Overview

To enable response streaming in RAG, use the chat_stream endpoint instead of chat.

This allows your application to receive token streams as the model generates its response.

Events stream

In RAG, the events streamed by the endpoint follows the structure of a basic chat stream event but contains additional events for tool calling and response generation with the associated contents.
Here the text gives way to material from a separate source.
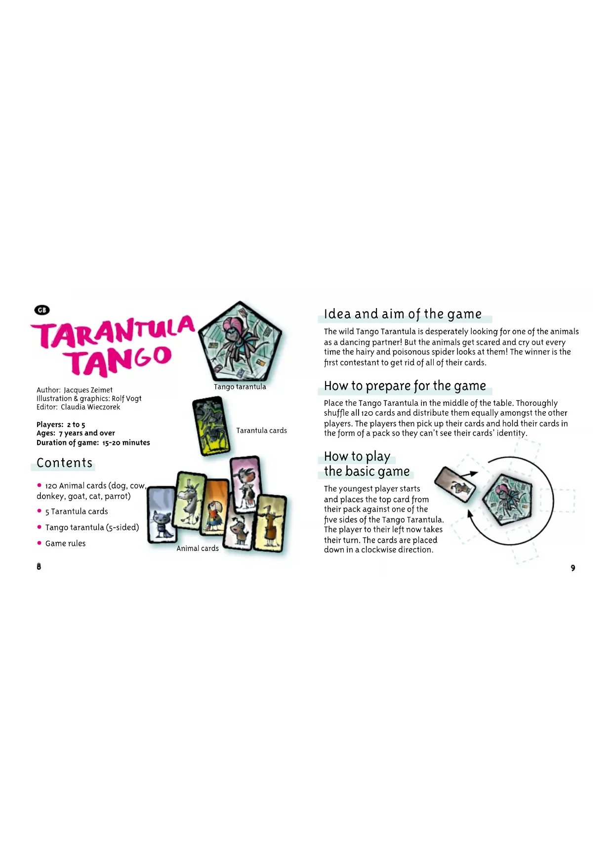 Idea and aim of the game The wild Tango Tarantula is desperately looking for one of the animals as a dancing partner! But the animals get scared and cry out every time the hairy and poisonous spider looks at them! The winner is the first contestant to get rid of all of their cards. How to prepare for the game Place the Tango Tarantula in the middle of the table. Thoroughly shuffle all 120 cards and distribute them equally amongst the other players. The players then pick up their cards and hold their cards in the form of a pack so they can’t see their cards’ identity. How to play the basic game The youngest player starts and places the top card from their pack against one of the five sides of the Tango Tarantula. The player to their left now takes their turn. The cards are placed down in a clockwise direction. Author: Jacques Zeimet Illustration & graphics: Rolf Vogt Editor: Claudia Wieczorek Players: 2 to 5 Ages: 7 years and over Duration of game: 15-20 minutes Contents

This section describes the stream of events and their contents.

Event types

message-start

Same as in a basic chat stream event.

content-start

Same as in a basic chat stream event.

content-delta

Same as in a basic chat stream event.

citation-start

Emitted for every citation generated in the response. This event contains the details about a citation such as the start and end indices of the text that cites a source(s), the corresponding text, and the list of sources.

citation-end

Emitted to indicate the end of a citation. If there are multiple citations generated, the events will come as a sequence of citation-start and citation-end pairs.

content-end

Same as in a basic chat stream event.

message-end

Same as in a basic chat stream event.

Example stream

The following is an example stream with RAG.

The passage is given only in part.